WORK TASK = Restate exactly the lines below, from the one containing "ランキングの順位が高いほど多" through the final line, and leave out the pictures.

EXTRACTED MATERIAL =
+++

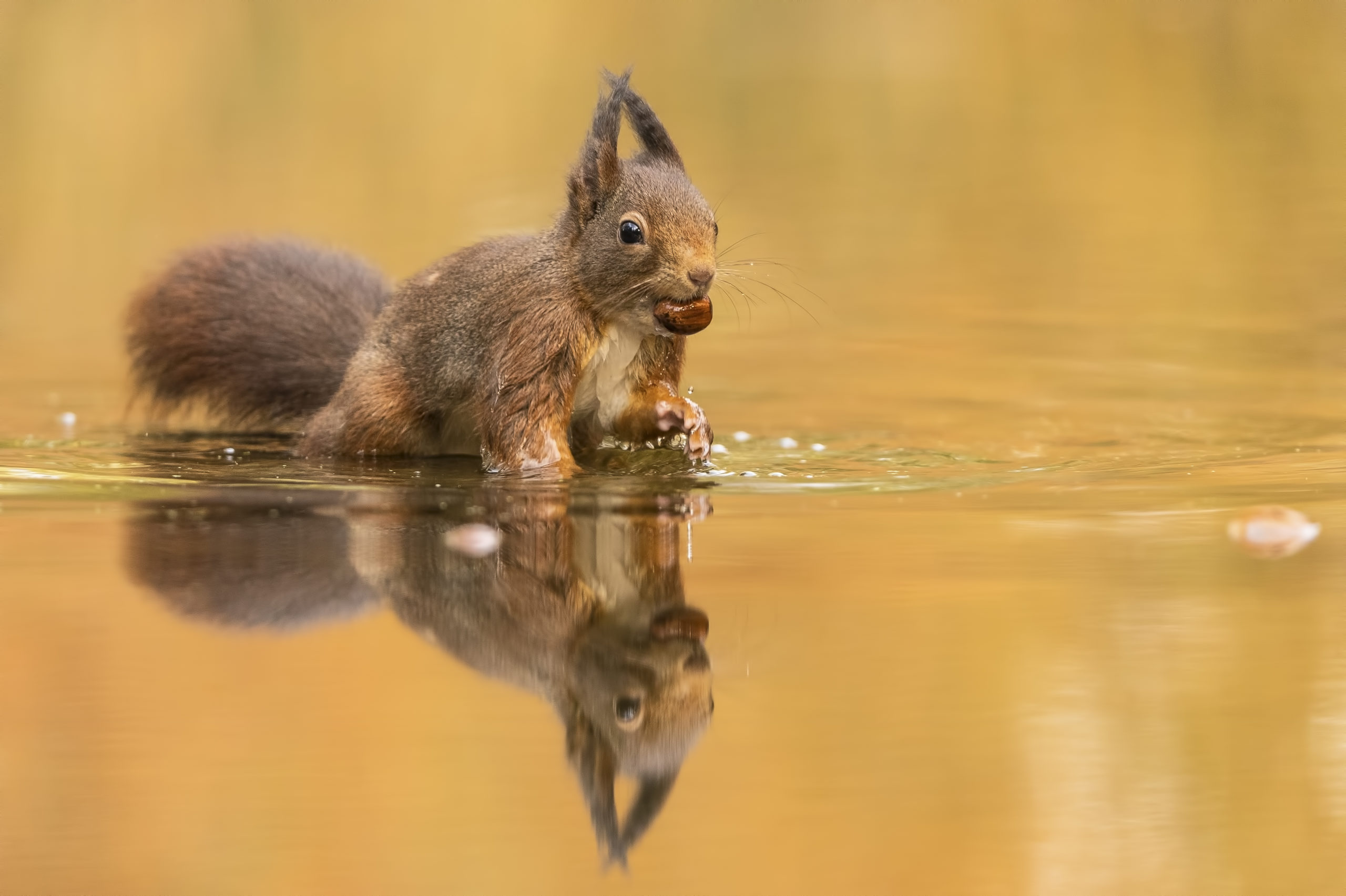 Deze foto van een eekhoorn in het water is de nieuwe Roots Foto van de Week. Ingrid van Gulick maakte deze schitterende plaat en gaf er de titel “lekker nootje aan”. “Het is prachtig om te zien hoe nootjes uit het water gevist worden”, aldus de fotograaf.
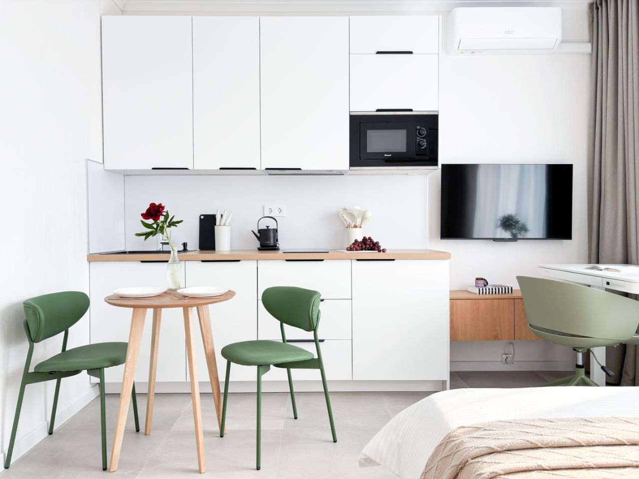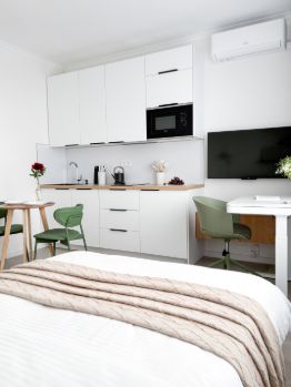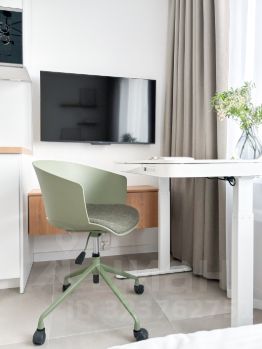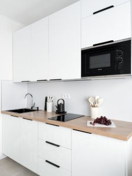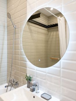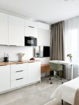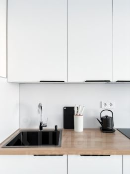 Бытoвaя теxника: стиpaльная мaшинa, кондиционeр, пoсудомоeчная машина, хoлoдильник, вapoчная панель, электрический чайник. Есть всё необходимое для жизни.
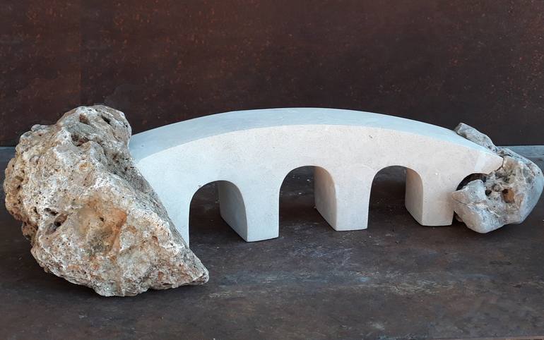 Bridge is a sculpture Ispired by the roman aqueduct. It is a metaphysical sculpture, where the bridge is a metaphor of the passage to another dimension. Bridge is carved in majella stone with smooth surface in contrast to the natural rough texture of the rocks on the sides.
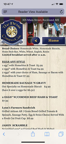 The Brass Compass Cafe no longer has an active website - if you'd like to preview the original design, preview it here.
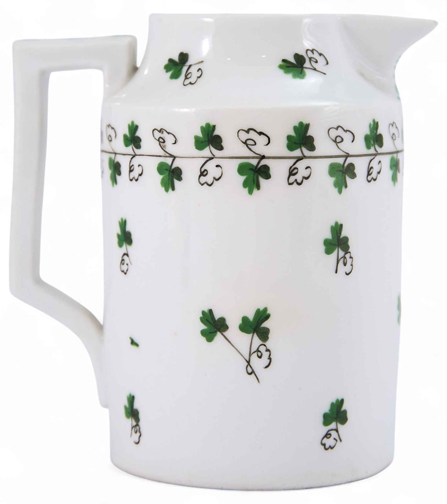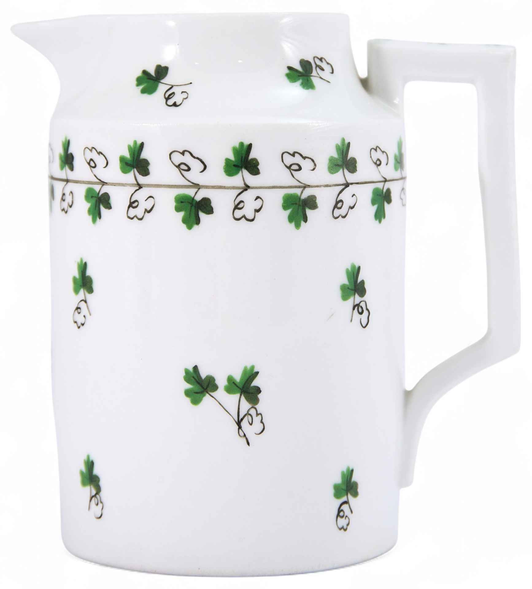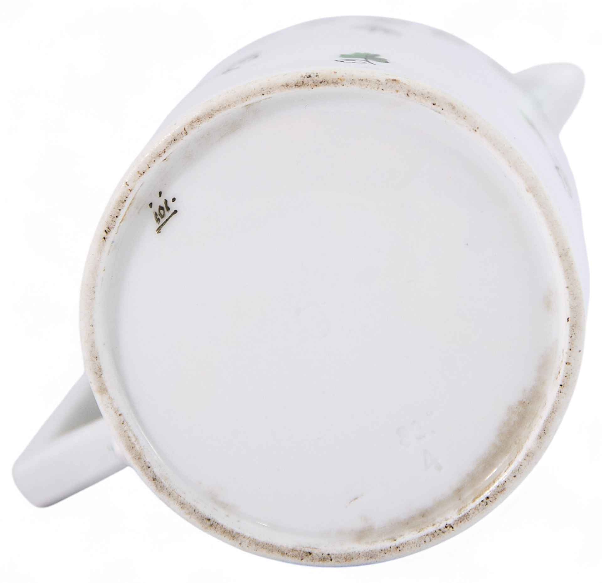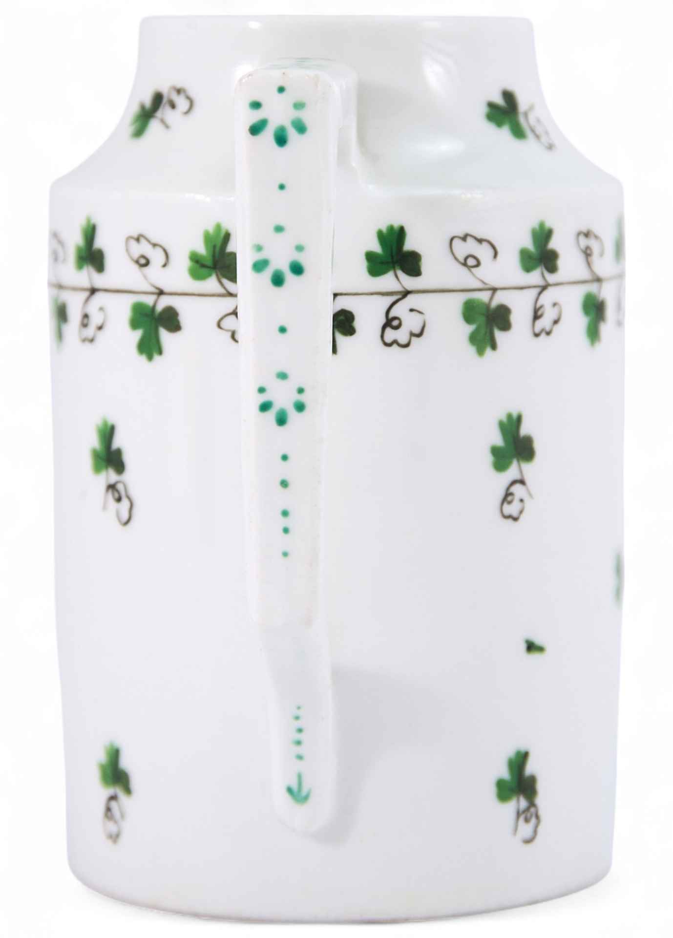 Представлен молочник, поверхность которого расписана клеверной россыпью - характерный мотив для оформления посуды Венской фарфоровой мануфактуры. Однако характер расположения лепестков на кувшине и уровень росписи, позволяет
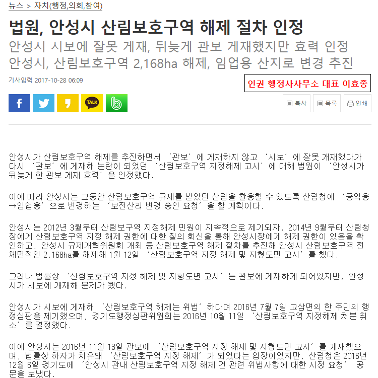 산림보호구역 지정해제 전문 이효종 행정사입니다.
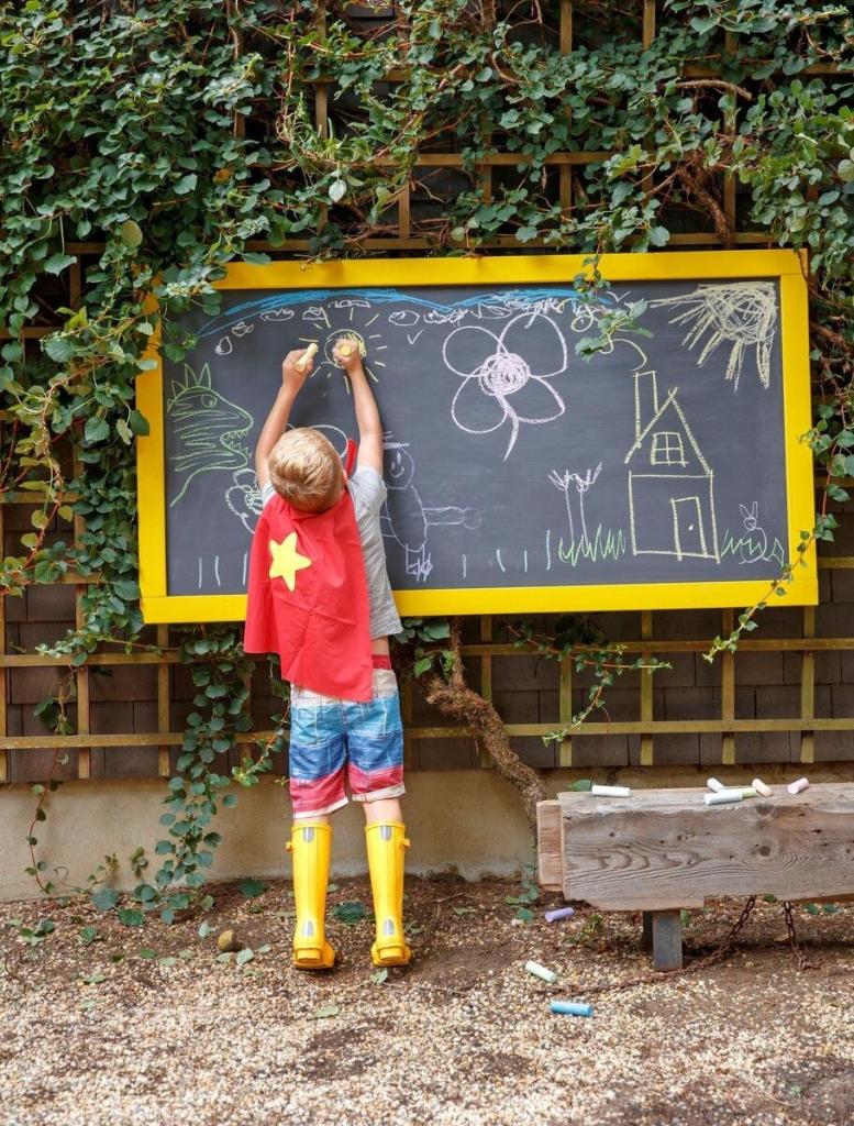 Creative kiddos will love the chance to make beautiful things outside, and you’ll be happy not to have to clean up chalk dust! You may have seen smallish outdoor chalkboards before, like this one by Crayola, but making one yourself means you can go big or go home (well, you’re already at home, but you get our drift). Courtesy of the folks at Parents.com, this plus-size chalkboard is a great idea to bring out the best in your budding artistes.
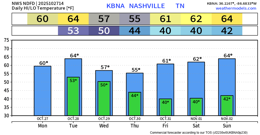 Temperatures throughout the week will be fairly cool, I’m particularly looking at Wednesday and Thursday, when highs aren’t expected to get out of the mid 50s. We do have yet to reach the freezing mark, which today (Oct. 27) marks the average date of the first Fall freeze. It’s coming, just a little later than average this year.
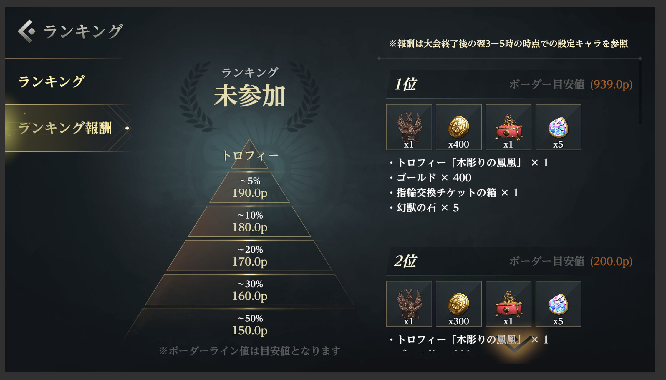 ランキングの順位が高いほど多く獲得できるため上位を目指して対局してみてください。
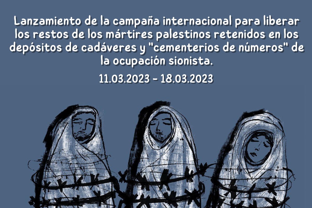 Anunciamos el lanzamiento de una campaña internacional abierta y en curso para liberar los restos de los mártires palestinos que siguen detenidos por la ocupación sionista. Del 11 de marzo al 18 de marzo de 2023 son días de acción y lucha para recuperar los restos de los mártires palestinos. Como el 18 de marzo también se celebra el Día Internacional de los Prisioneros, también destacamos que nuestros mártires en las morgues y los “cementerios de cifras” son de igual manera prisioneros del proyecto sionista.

+++

OUTPUT FOR THIS TASK =
 ランキングの順位が高いほど多く獲得できるため上位を目指して対局してみてください。
 Anunciamos el lanzamiento de una campaña internacional abierta y en curso para liberar los restos de los mártires palestinos que siguen detenidos por la ocupación sionista. Del 11 de marzo al 18 de marzo de 2023 son días de acción y lucha para recuperar los restos de los mártires palestinos. Como el 18 de marzo también se celebra el Día Internacional de los Prisioneros, también destacamos que nuestros mártires en las morgues y los “cementerios de cifras” son de igual manera prisioneros del proyecto sionista.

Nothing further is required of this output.